War. A word to be despised. My Master is certain that the war will end soon, but I remain skeptical. This war has cost many lives, even among the Jedi. My Master was almost a casualty of this war himself. His wife Siri also narrowly escaped death. Many of us has stared death in the face, even the younglings have been affected, no matter how we tried to shield them from the terrors of this war.
I like excitement, I like adventure, but this is too much, the costs are too high. My Master, he knows war, but just like all of us, it affects him too.
Padme is like an anchor for me. Just knowing that she is waiting for me gives me the strength to keep going everyday. My Master may never voice it, but I can tell that Siri and their little boy help him get through these trying times.
My Master now sits on the Council. I hear that they call him 'the negotiator' a lot. Hmm, it has a ring to it. I decided to ask him a few days ago if there was a reason or the name change from 'Sith Killer' to 'the negotiator'. He said that he has to negotiate a lot more with the Council then he ever had to on our past missions.
Siri mentioned to me today that my Master, actually I should say my former Master, but in some ways he still is my Master even though I am a Knight now. Anyway, Siri said that my Master is now a lot like he was before Melida/Daan. In other words, he is not so focused on the code anymore.
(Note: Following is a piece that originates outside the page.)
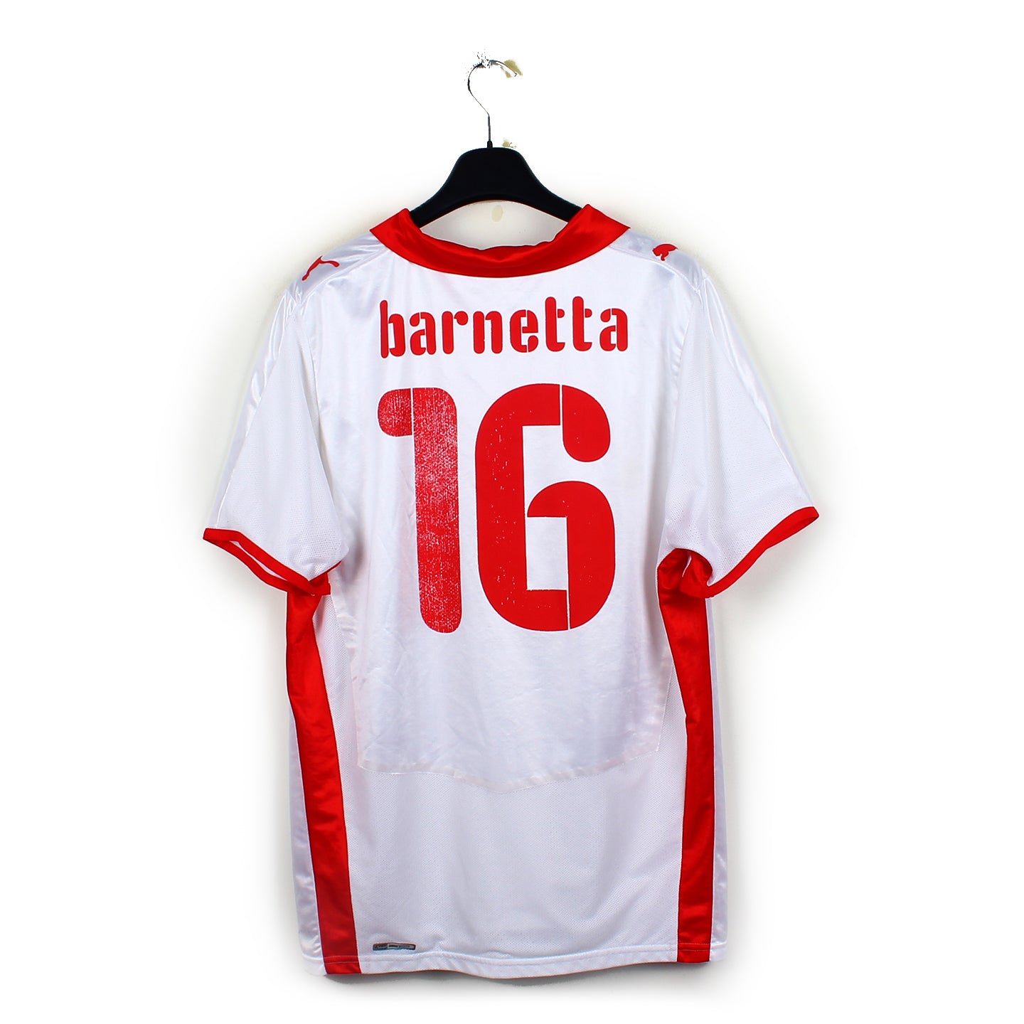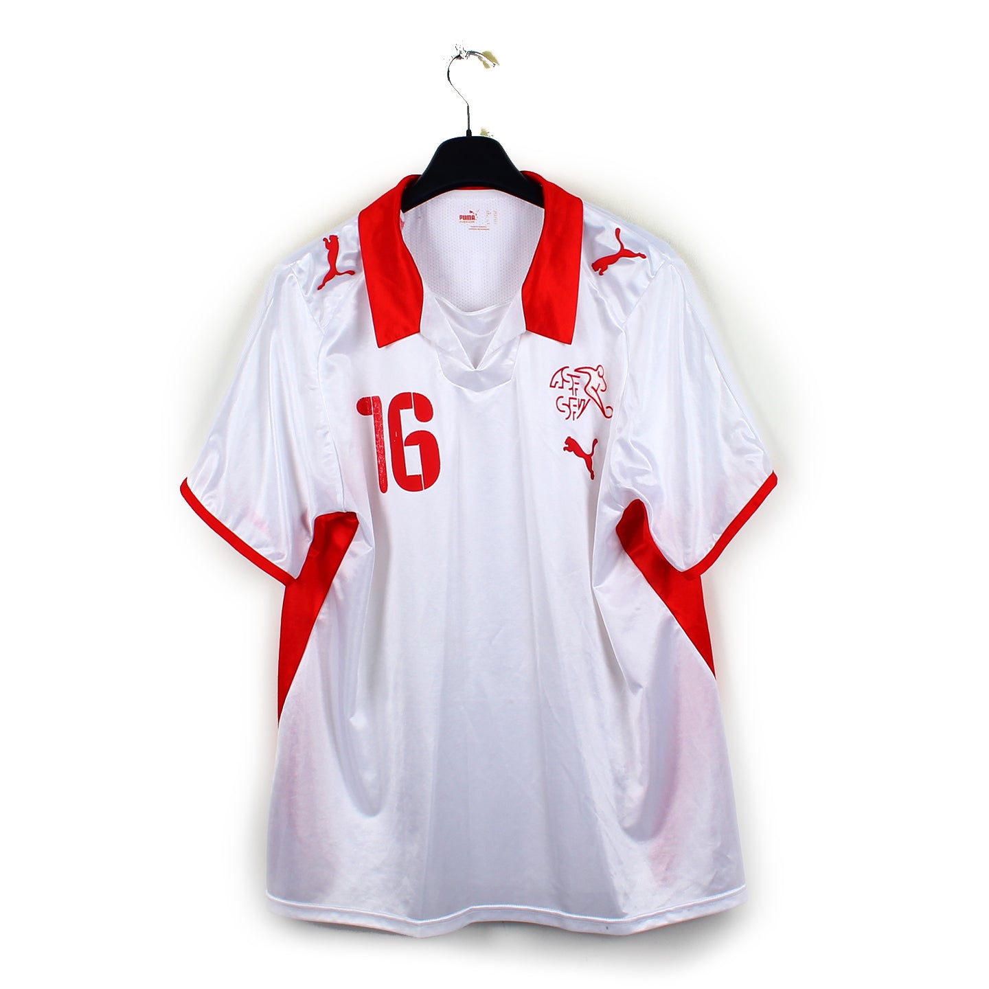 Histoire : Maillot extérieur porté par les Suisses lors de l'Euro 2008. Les coéquipiers d'Alexander Frei ne parviendront pas à sortir d'un groupe compliqué avec le Portugal, la Turquie et la Tchéquie, malgré la victoire contre les coéquipiers de Quaresma.

Is that a good thing or a bad thing? She seemed kind of concerned. I don't understand why. Should I be worried?
I would like to be granted the title of Master, maybe even be on the Council. I feel that I can do a lot of good there. When I told my Master this he just laughed and said that I would quickly get bored and that if I want to be a Master then taking on an apprentice is a quick way to do it.
For some reason I had a feeling he was hinting toward something. Maybe he wants me to train his son. He's not even two yet and my Master is already planning his future, poor little guy. Besides, even if I were going to, I would have to wait seven years before he is eligible to be chosen. That is not going to get me to be a Master very quickly.
Count Dooku still remains elusive. I hope I get to duel him again. I want to show him what I have learned. I also want to fight him correctly with no use of the darkside. It will be a challenge, but at the same time it will be a good test for me. My Master helped me learn to trust the Force more and to also be able to release negative emotions into the Force more efficiently.
Master Windu dislikes me. No matter what I do, nothing pleases him. I feel as though it is easier to get Yoda's approval then Mace's. I've been told by my Master that Master Windu that I am not the only one Windu dislikes. That makes me feel better…not.
Lately I've been trying to stay away from the Chancellor. One, because he seems to know more then he ought to know. Okay, that sounds lame, maybe it's just over protectiveness of Padme. Second, it eases my Master's mind and the Council's. Another lame excuse when I think about it. Third, I'm not a child anymore who needs someone to whine to. Another bad one. I mean, I don't really whine, it's more like pouring out what's on my mind and also I go to either Padme or my Master now when I need a listening ear. Last, a feeling. Now that one really stinks. Sure get uncomfortable from the Chancellor's praises from time to time and other things he says to boost my ego, but ever since that day on Geonosis…it just feels all wrong somehow.
I 'accidentally' overheard a conversation between my Master and Master Yoda late this afternoon. The name Xanatos was mentioned, a name that I have heard in years. They were talking about Xanatos' views on the Jedi and then they were talking about Dooku's views on the Jedi. It was an interesting conversation, but it was disturbing because they mentioned the prophecy about the chosen one, me. I had to leave right then because a padawan wanted me to help him with a Kata. Why look for me? There are many other Jedi in the Temple who could have helped him.
The conversation is nagging on my mind. Padme, I don't think will be able to give insight on this. I can't tell Siri or she'll question my Master and he will find out that I overheard. Maybe I could, just this once, see if the Chancellor can help me with this dilemma. I mean what could happen? It's just a nagging feeling I have.